2.4 MENSAGEIRAS DO PASSADO: BÍBLIAS E BIBLIOTECAS

2.4.1 Um prólogo exuberante ao moderno romance

— Eu sei quem sou — respondeu don Quixote — e sei que posso ser não só os que eu disse ser, mas todos os doze Pares de França e, ainda, todos os nove da Fama, pois as minhas façanhas irão superar todas aquelas que fizeram eles todos: juntos, ou cada um por si próprio.

MIGUEL DE CERVANTES Dom Quixote de la Mancha

Durante o século XVI, contos, novelas e descrições aparentadas às formas do espaço biográfico tomavam sinais caracterizadores, rumo aos gêneros pelos quais hoje são conhecidos.
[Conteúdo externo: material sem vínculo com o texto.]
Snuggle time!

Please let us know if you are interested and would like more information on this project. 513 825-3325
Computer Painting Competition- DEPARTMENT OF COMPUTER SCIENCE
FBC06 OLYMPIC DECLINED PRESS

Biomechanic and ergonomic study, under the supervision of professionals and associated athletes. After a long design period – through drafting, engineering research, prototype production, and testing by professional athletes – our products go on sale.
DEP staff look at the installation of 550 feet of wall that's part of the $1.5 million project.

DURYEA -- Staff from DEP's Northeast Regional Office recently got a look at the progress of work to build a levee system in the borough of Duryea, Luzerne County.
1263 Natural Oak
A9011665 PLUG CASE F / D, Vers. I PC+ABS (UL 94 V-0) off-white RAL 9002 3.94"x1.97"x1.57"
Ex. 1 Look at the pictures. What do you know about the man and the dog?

O pórtico da 17ª centúria faria ornamentar-se pelo gênero romanesco moderno, a coroar uma já robusta prosa, antes marcada pela síntese ficcional. No contexto, Michel de Montaigne ansiava pela representação cotidiana, observando as ações privadas desde a própria experiência.

O humanista francês julgava os trabalhos históricos sobejamente unitários, quanto à configuração do elemento humano. Colecionadores quinhentistas de objetos artísticos, franceses e italianos, haviam desenvolvido métodos que permitiriam chegar à “história propriamente científica”. Em sua gênese, no quarto momento da ciência histórica, “o século XVII, com os bolandistas e os beneditinos de S. Mauro, lança as bases da erudição moderna” (LE GOFF, 2003, p. 111).
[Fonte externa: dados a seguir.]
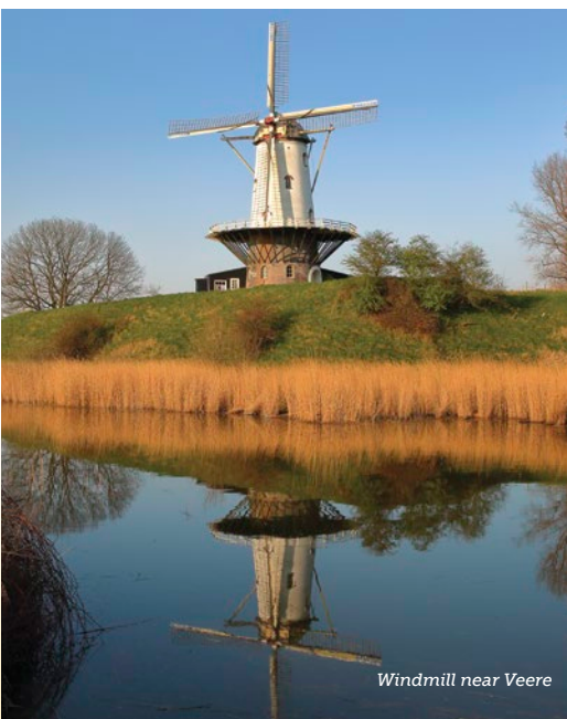
Windmill near Veere
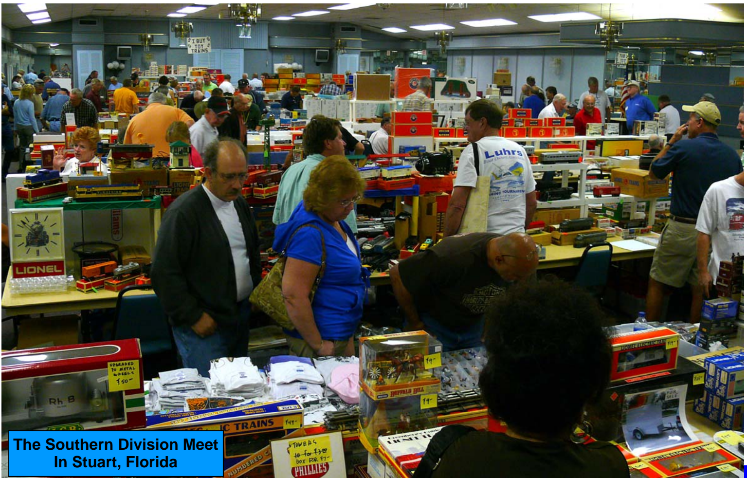
The Southern Division Meet In Stuart, Florida
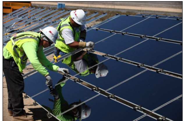
Silver State Solar - Nevada

PLF Position: The PLF on January 27, 2022 provided comments to BLM on the proposed guidance to reduce rental rates for solar and wind energy authorizations on the public lands. The PLF will continue to track the development of any proposed rule.
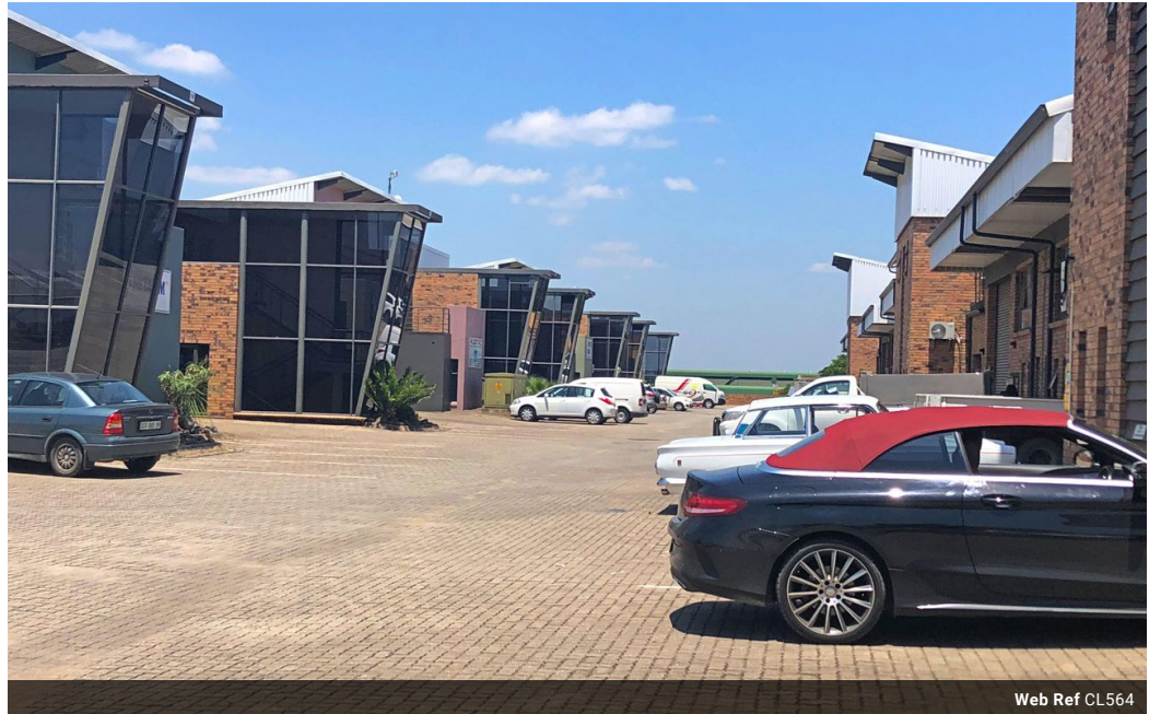
Web Ref CL564

1st Floor, Midcity Building, 37 Brown Street, Nelspruit, 1201

O barroco se manteria até por volta de 1730 e provava distintas ramificações nacionais ou regionais, que se distinguiam conforme o vigor político-econômico, ou dos nobres, ou dos burgueses. As diferenças entre os barrocos ainda dependeram, em grande sentido, da hegemonia religiosa local. Nos espaços de dominância católica, a arte se desenvolvia tanto em formas classicistas (mais pensamentos do que palavras) quanto cultistas ou culteranistas (mais palavras do que pensamentos).

Na Itália, tais expressões deveram o nome sob o qual se abrigaram — “marinismo” — ao napolitano Giambattista Marino (1569-1625), que dedicou a Luis XIII sua obra Adonis (1623). O barroquismo italiano se deslocou à Península Ibérica, onde foi nomeado “gongorismo” a partir do escritor Luis de Góngora y Argote (1561-1627). Nos lugares de economia mais débil ou de mentalidades mais conservadoras, como a Espanha, o controle do imaginário teria continuidade.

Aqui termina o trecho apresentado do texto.